Le 22 février, le Parlement de Kiev, la Rada, destitue le président Ianoukovitch, légalement élu. L'UE laisse faire. Le 23 février, la Rada abolit le statut officiel de la langue russe dans l'est de l'Ukraine. L'UE laisse faire. Le 16 mars, la presqu'île de Crimée, russe depuis 1783, à majorité russophone - rattachée à l'Ukraine par un simple décret de Kroutchev en 1954 - où la Russie possède un contrat de location pour la base de Sébastopol, demande par référendum à être rattachée à la Fédération de Russie. Cette fois, il semble bien que ce soit la guerre, mais une guerre sans nom et sans pratiquement d'images.
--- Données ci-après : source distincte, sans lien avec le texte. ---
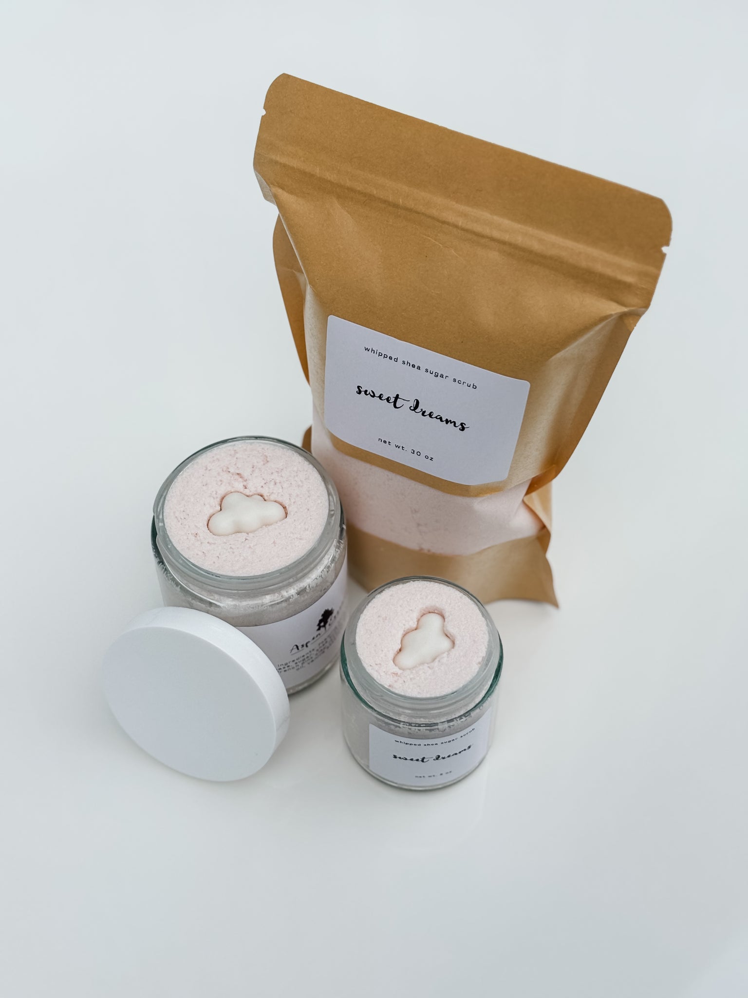 sugar scrubs come in reusable 5 ounce (sample size) and 10 ounce ( full size) glass jars, as well as in 30 ounce bulk refill bags. all jars are made with 50% recycled glass! since all products are handcrafted in small batches, they may differ slightly in appearance. curious about our bases? see here for more info.
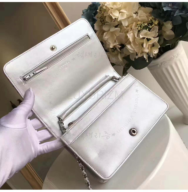 [스페셜오더]CHANEL-A82656 샤넬 메탈릭 램스킨 실버 메탈 체인 지갑 실버
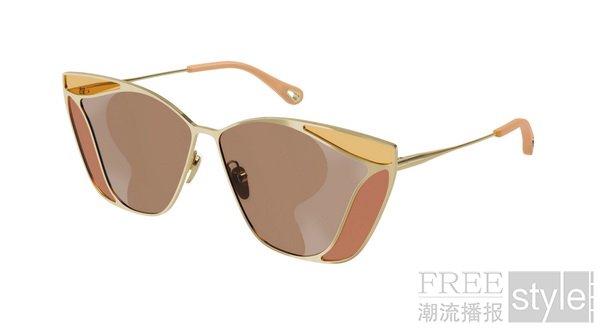 在Chloé 2021春夏系列时装秀上,标志性的Gemma太阳眼镜款式出现于一系列肖像、于纽约拍摄的短片和独家幕后花絮照片中。蝴蝶形镜款以轻轻质金属打造柔美几何镜框,呈现彩绘玻璃效果,并饰以夺目色彩。
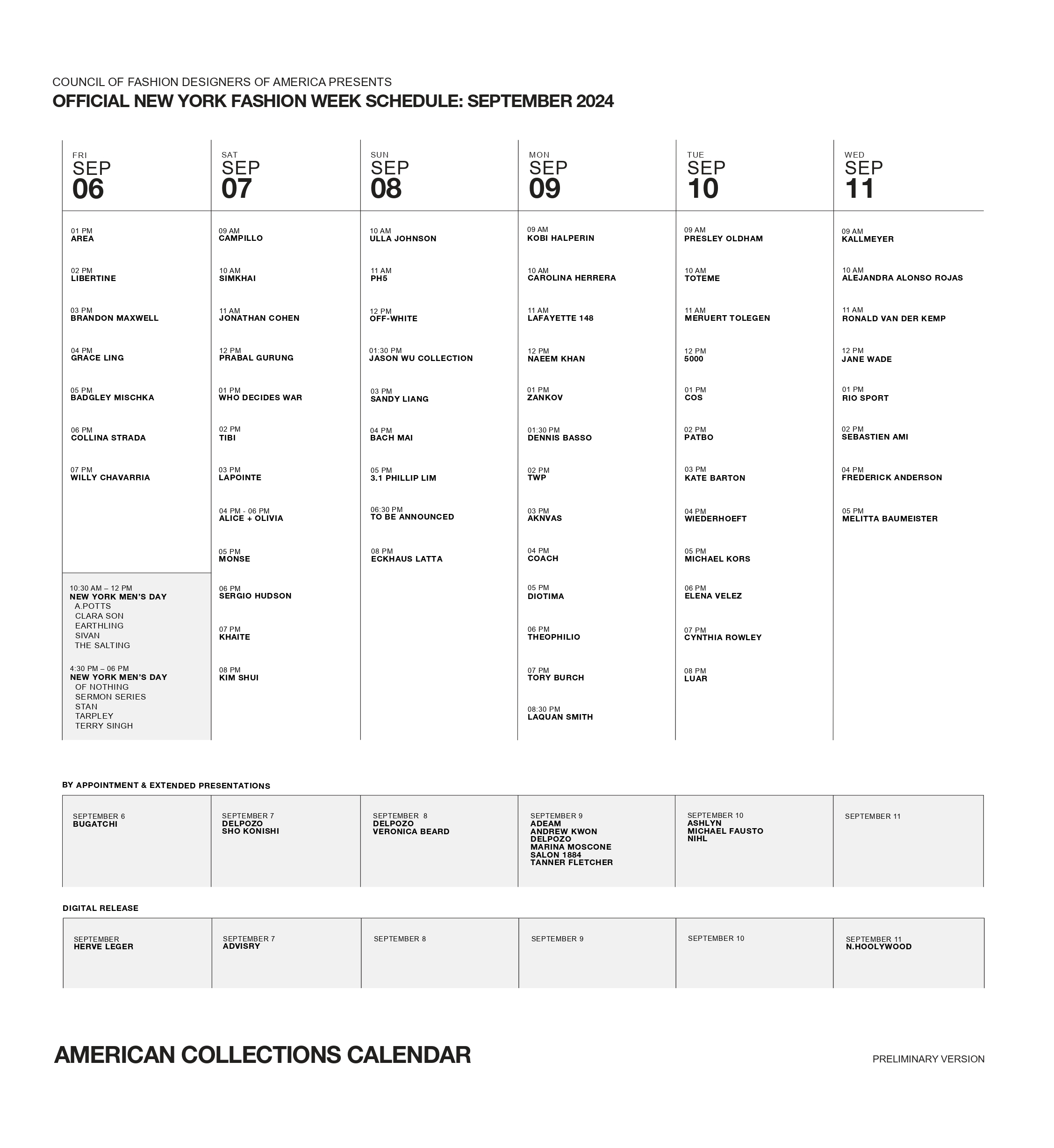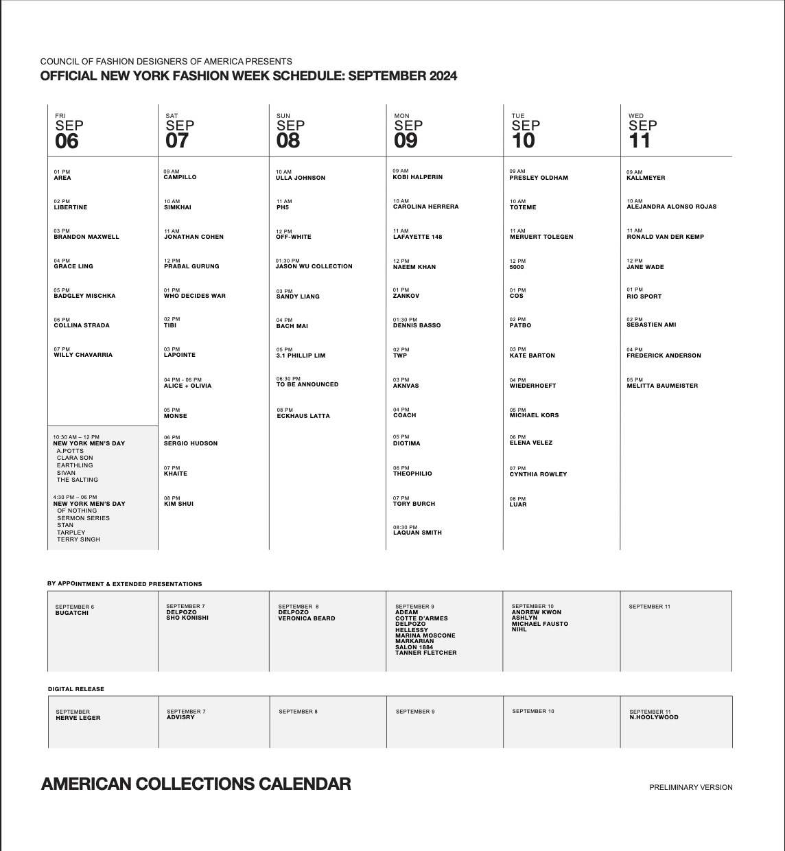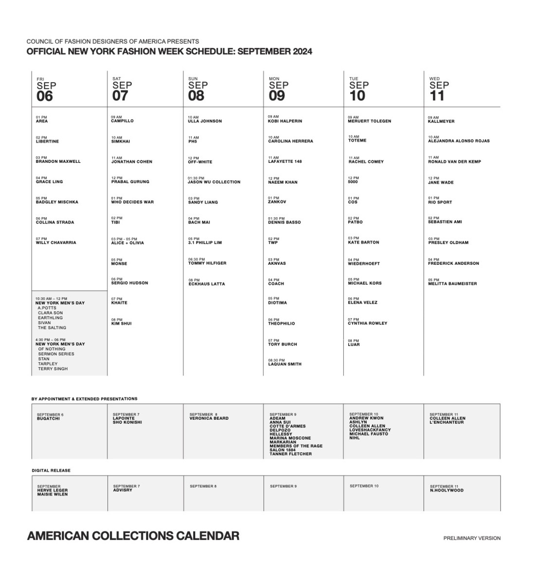 CFDA Releases Official NYFW Schedule For Spring 2025 Shows

La communauté internationale accusera Poutine de déstabiliser la région. Pour preuve ce crash d'un Boeing de la Malaysian Airlines réputé abattu par un missile avec 298 personnes à bord dont 193 Néerlandais. Mais l'enquête est au point mort et plus personne, même pas le gouvernement néerlandais, n'en parle encore. Et voilà qu'aujourd'hui, après avoir annoncé que les forces ukrainiennes avaient réduit les bastions séparatistes de Donetsk et Louhansk, on nous dit que la situation a complètement changé, les Ukrainiens confirmant la perte de plusieurs villes comme Novoazovsk sur la côte de la mer d'Azov. Des positions, nous dit-on, ont même été abandonnées précipitamment, avec armes et matériel.
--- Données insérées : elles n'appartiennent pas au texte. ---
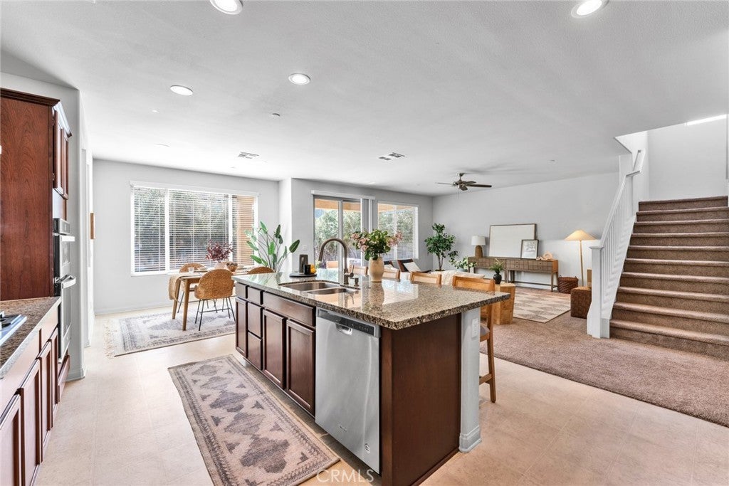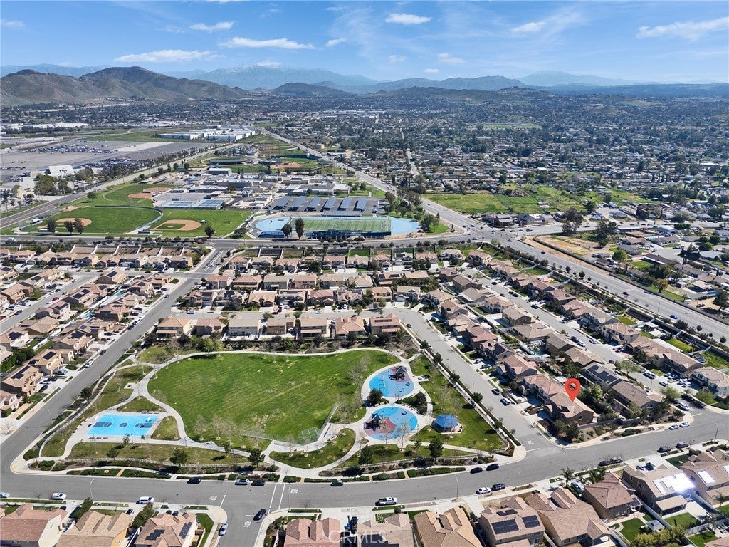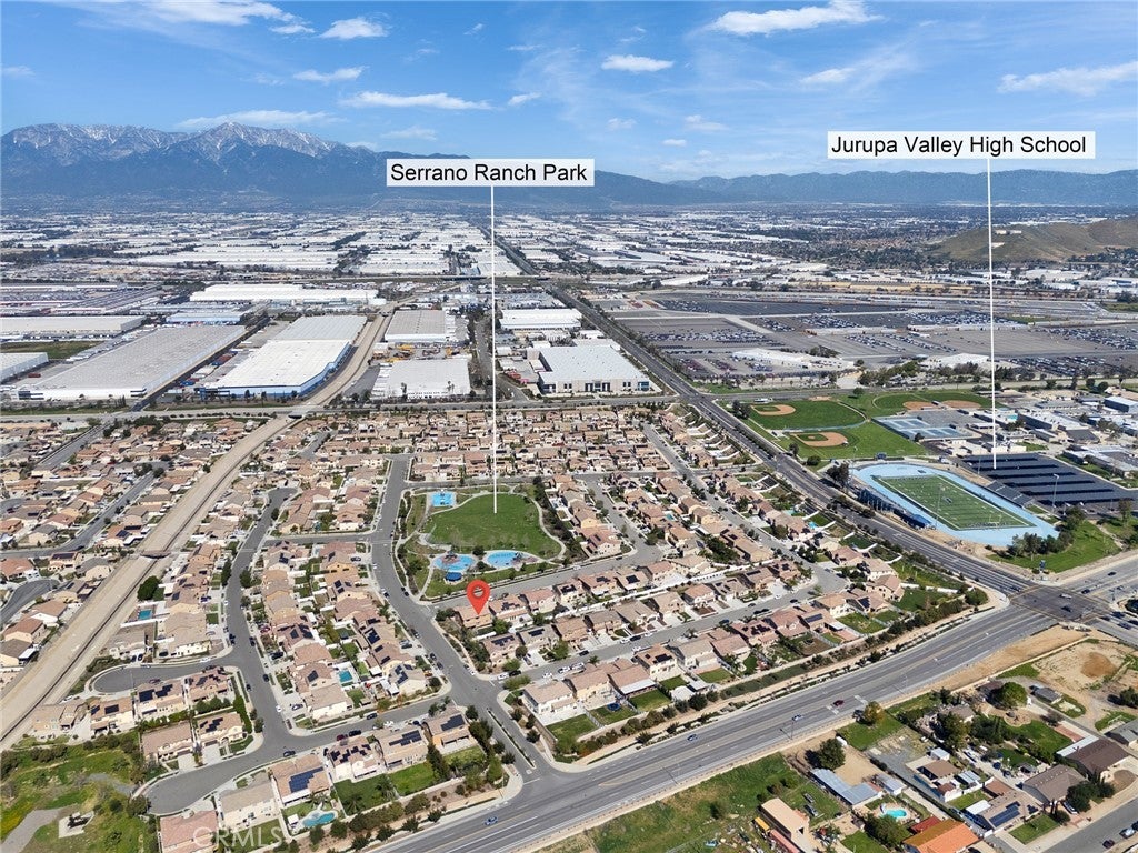 Welcome to the is stunning executive home in the highly sought-after community of Jurupa Valley. Step into this luxury living with this breathtaking Park front and Mountain view home. Its exceptional South-North home with 6-bedroom, 5-bathroom, every inch of this residence exudes elegance and sophistication. From the modern fixtures to the high-end finishes and open floor plan, no detail has been overlooked in creating a sophisticated and inviting atmosphere. The open concept living area is perfect for modern living, with the kitchen flowing seamlessly into the living room. The kitchen itself is a chef's dream, boasting sleek countertops, ample cabinet space, and a convenient island that doubles as a breakfast bar. Just off the main living space, you'll discover a private den, a versatile room perfect for a home office, study, or simply a quiet retreat for relaxation. This added space provides flexibility and functionality to suit a variety of needs. Two bedrooms has their own private bathroom on the main level. As you make your way upstairs, a large loft awaits, offering endless possibilities for a children's play area or a cozy entertainment space. And the primary bedroom, there is another suite and additional 2 bedrooms are Jack & Jill connected with a bathroom. Oversize two cars garage with tankless water heater. The backyard is perfectly tailored for entertaining, offering olive trees and lawns, expansive patio, and very appealing landscaped surroundings. Located in one of the top communities in Jurupa Valley, this executive home offers convenience at your fingertips. With proximity to shopping centers, schools, and easy access to freeways. Come experience the unique charm and spacious living this home provides!
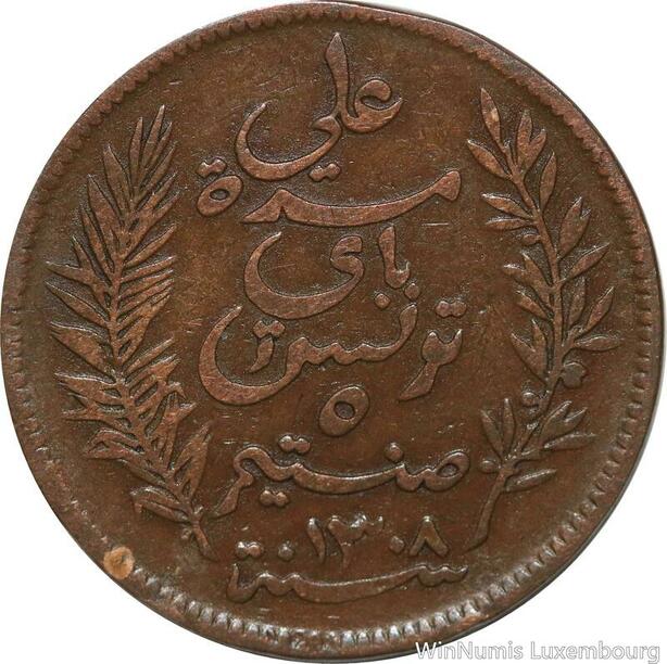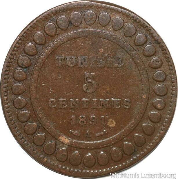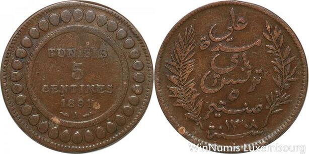 R8555 Tunisia 5 Centimes Muhammad al-Nasir Bey AH 1308 1891 A Paris > Make offer

Et si les sanctions ne marchaient pas ?

C'est la panique à Kiev : le gouvernement déclare attendre «une aide pratique» et des «décisions cruciales» de l'OTAN. À ce stade les Occidentaux, Obama et Merkel en tête, n'ont que leurs menaces de sanctions à opposer à un Poutine qui n'a pas peur de faire «monter les enchères en plaçant l'Europe devant un dilemme : soutenir le fardeau de l'Ukraine ou sacrifier le pays afin de préserver la sécurité des Vingt-Huit, qui est déjà ébranlée. Et à ce jour le président russe compte bien gagner», ainsi que l'explique l'analyste Maria Lipman citée par le Figaro.
Maria Lipman


Mais déjà Barack Obama et Angela Merkel semblent lui donner raison puisqu'ils ont affirmé : «Oui à une pression accrue, non à une intervention militaire.»